■ Extracted entries
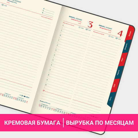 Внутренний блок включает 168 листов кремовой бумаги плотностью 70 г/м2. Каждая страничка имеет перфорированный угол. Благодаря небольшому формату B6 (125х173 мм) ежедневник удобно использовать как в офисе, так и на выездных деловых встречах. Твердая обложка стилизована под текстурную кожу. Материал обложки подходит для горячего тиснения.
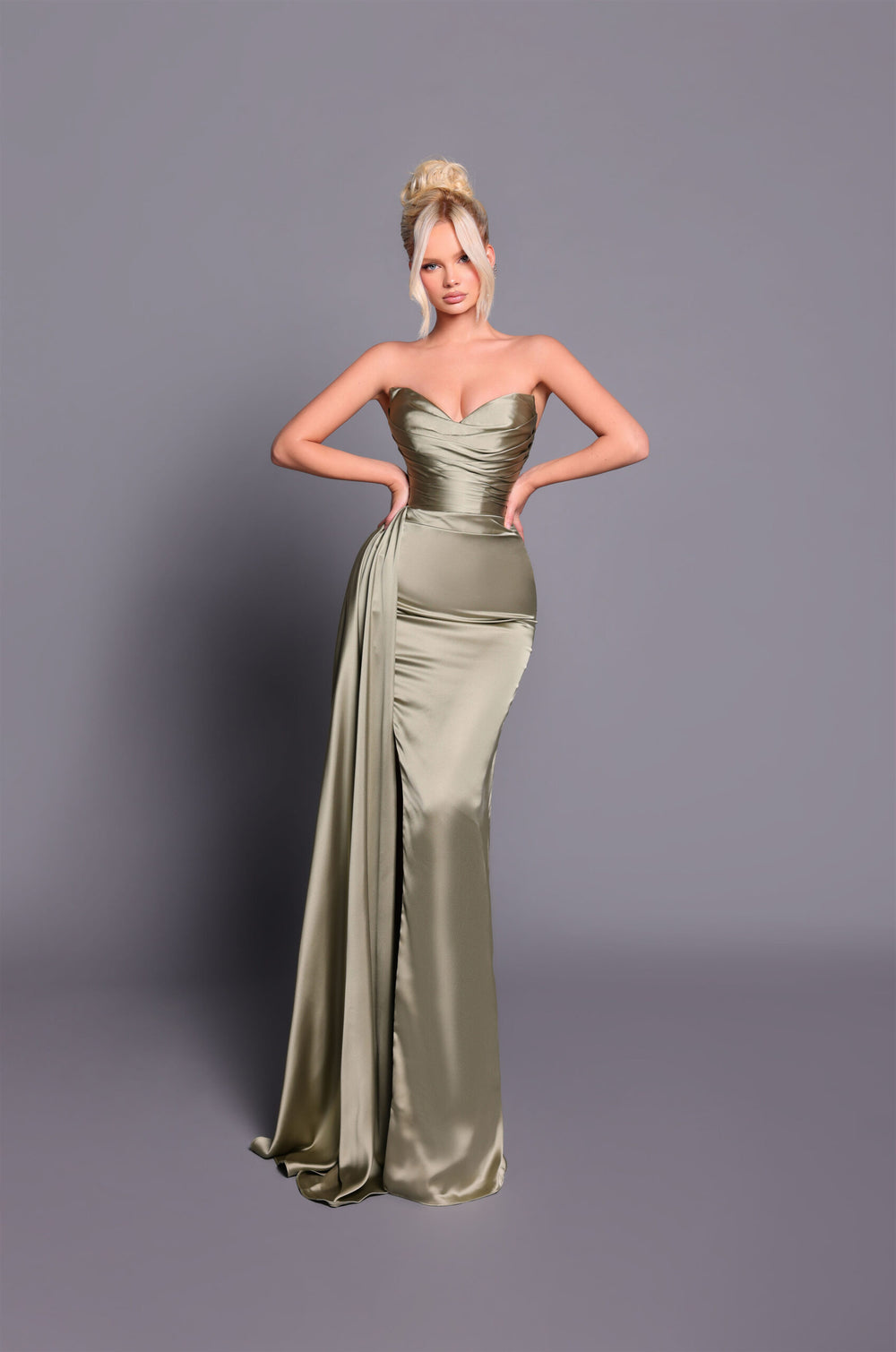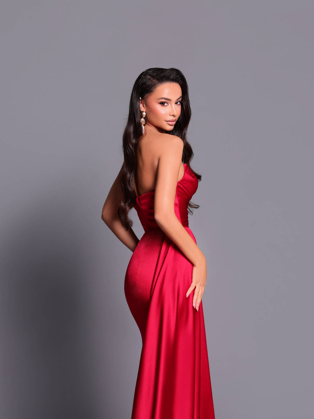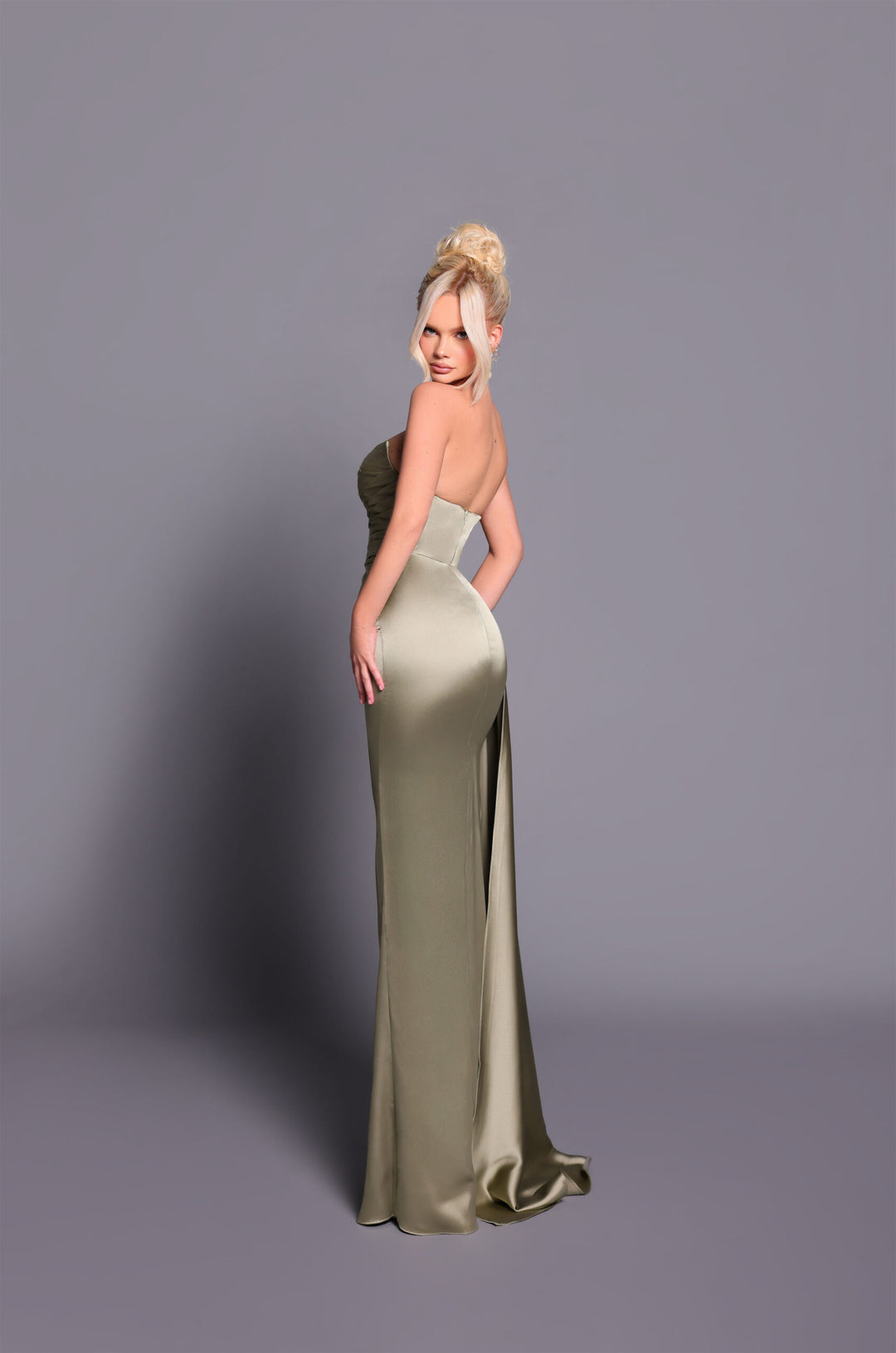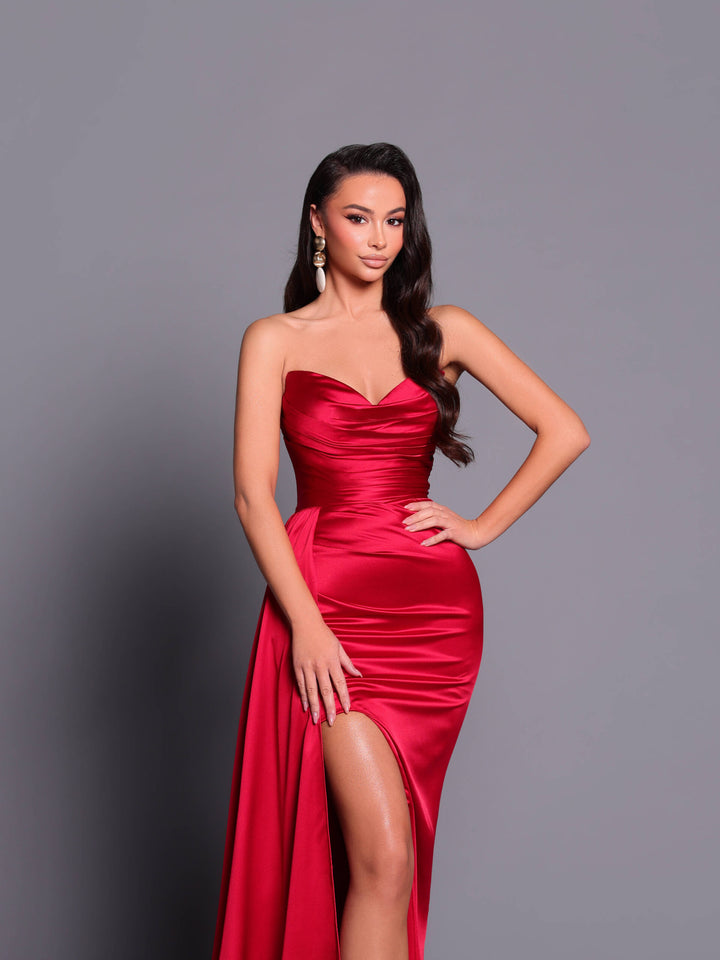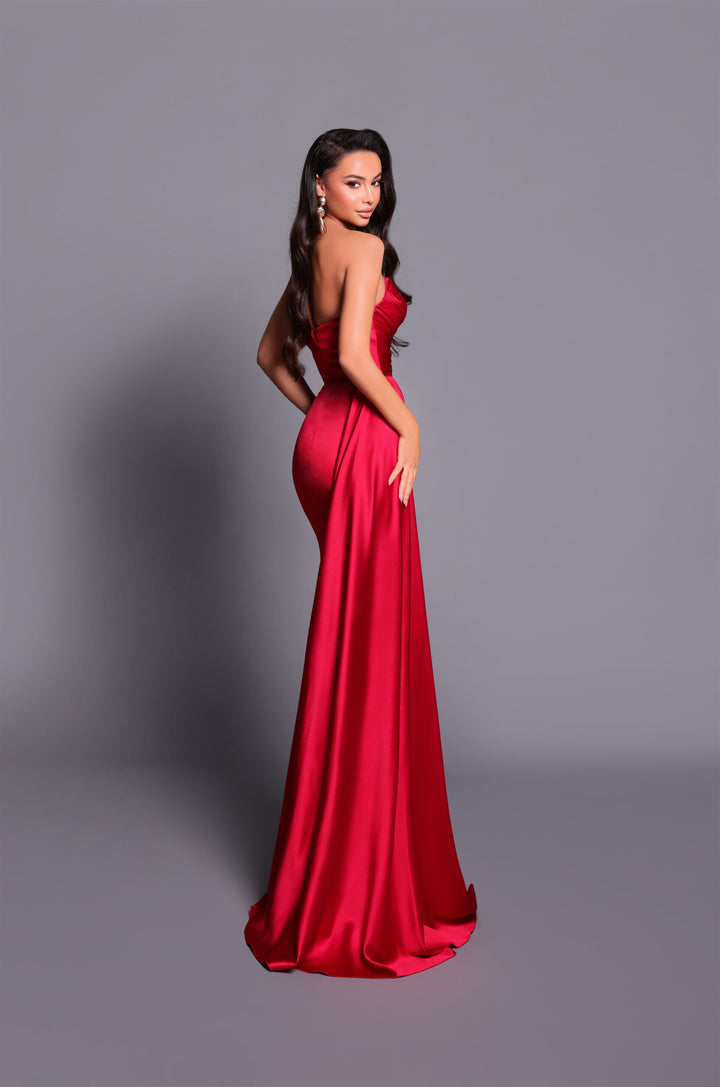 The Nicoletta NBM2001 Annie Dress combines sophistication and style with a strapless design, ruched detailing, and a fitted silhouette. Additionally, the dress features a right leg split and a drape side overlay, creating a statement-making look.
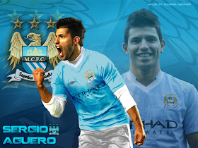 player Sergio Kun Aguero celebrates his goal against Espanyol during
--
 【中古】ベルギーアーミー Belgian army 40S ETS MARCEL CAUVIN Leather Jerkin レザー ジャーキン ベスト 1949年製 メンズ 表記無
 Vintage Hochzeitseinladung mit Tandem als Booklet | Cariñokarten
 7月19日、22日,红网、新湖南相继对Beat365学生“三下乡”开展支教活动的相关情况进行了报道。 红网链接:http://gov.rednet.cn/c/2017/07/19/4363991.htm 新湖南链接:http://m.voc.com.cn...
---
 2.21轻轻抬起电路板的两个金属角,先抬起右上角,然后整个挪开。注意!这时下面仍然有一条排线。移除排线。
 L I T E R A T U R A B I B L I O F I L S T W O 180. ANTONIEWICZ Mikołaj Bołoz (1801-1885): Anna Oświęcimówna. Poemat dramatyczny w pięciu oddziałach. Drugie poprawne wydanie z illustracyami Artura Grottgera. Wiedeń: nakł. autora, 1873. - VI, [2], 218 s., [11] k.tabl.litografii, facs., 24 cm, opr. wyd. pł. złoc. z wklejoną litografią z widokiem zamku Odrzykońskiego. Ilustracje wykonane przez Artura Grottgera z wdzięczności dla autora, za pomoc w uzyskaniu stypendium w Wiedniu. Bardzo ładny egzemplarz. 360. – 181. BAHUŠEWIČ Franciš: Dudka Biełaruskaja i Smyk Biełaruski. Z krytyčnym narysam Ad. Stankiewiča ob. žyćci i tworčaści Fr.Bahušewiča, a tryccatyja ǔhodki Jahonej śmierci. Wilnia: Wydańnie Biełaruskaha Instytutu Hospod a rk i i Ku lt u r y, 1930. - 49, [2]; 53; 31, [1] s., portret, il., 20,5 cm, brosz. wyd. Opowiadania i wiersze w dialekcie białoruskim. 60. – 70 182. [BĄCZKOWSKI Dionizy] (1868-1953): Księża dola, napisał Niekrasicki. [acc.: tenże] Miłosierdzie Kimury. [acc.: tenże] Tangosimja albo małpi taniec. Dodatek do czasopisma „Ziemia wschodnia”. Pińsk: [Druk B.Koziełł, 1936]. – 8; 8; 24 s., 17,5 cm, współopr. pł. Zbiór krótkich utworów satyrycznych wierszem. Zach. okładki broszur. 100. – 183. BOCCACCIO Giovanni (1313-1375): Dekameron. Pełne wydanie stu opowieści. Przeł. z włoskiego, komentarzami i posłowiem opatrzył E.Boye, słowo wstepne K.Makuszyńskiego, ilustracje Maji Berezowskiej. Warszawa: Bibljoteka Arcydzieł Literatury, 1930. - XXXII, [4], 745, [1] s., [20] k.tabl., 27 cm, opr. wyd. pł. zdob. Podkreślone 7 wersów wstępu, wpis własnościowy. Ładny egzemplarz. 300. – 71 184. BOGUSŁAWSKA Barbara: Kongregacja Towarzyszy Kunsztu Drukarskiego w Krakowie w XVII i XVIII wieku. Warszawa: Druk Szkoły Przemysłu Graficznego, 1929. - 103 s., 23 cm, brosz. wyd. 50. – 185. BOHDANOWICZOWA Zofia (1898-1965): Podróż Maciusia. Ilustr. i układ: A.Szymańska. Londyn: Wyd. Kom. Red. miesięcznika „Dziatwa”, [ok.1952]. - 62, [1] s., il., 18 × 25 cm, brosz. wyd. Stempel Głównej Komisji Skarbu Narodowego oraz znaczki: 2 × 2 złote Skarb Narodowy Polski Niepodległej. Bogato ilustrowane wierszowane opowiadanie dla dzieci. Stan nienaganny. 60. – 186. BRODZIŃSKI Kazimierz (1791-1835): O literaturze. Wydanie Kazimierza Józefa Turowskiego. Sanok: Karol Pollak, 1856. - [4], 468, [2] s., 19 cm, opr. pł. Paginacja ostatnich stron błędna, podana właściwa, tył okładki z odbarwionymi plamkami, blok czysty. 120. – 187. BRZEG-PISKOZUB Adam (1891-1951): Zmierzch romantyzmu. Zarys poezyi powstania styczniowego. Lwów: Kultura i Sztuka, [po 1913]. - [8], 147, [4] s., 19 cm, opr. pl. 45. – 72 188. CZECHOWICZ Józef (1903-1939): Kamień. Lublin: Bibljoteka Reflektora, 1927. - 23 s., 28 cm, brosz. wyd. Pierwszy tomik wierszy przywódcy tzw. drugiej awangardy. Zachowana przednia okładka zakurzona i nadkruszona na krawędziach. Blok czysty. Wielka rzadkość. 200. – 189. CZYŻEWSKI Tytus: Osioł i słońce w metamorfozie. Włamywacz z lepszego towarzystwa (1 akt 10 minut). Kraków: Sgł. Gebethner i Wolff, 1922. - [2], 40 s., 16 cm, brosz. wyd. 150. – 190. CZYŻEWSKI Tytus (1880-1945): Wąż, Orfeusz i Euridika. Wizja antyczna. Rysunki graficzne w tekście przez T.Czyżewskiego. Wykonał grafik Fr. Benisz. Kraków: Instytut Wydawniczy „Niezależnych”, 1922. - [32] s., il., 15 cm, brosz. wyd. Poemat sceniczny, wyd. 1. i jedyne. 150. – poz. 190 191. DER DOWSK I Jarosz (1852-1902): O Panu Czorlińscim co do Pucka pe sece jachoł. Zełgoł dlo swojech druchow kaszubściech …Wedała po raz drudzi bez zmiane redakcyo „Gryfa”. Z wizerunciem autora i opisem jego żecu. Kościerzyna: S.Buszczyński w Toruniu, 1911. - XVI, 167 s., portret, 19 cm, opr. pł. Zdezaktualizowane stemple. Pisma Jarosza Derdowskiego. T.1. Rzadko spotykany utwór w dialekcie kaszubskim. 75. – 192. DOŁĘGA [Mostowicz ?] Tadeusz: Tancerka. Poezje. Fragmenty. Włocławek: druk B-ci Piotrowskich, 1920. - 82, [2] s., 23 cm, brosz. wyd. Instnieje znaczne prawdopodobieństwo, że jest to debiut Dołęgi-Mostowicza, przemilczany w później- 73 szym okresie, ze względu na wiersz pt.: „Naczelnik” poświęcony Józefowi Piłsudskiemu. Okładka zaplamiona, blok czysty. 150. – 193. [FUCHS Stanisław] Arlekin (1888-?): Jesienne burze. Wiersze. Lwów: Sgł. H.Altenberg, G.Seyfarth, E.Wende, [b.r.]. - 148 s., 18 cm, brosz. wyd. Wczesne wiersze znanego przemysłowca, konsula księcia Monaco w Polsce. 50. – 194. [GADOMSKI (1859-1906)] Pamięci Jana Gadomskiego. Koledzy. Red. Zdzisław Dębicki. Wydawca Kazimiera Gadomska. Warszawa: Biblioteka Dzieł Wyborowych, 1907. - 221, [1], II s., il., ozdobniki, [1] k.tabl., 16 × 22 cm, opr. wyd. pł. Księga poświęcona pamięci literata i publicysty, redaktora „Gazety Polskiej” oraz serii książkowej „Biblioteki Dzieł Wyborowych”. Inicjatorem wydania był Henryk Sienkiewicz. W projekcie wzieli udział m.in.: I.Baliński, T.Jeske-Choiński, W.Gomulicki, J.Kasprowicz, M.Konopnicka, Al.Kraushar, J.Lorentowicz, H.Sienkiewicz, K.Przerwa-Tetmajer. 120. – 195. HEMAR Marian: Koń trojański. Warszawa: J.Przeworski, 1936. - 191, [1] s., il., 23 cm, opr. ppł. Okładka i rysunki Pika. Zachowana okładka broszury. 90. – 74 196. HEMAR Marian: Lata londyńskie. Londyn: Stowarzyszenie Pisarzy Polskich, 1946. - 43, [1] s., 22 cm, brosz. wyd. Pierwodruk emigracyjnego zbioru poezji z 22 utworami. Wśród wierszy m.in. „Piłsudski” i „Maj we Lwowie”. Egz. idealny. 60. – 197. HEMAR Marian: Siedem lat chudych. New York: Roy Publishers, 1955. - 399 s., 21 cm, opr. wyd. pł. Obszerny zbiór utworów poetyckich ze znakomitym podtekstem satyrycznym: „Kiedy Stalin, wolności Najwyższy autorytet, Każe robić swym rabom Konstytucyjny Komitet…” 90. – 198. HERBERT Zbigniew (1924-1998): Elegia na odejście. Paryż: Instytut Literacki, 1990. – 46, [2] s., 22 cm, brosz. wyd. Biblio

■ Exercise goal
Of the lines above, quote exactly those from the one with "The Nicoletta NBM2001" through the one with "player Sergio Kun", ends included; pictures stay out.

■ Response for this exercise
 The Nicoletta NBM2001 Annie Dress combines sophistication and style with a strapless design, ruched detailing, and a fitted silhouette. Additionally, the dress features a right leg split and a drape side overlay, creating a statement-making look.
 player Sergio Kun Aguero celebrates his goal against Espanyol during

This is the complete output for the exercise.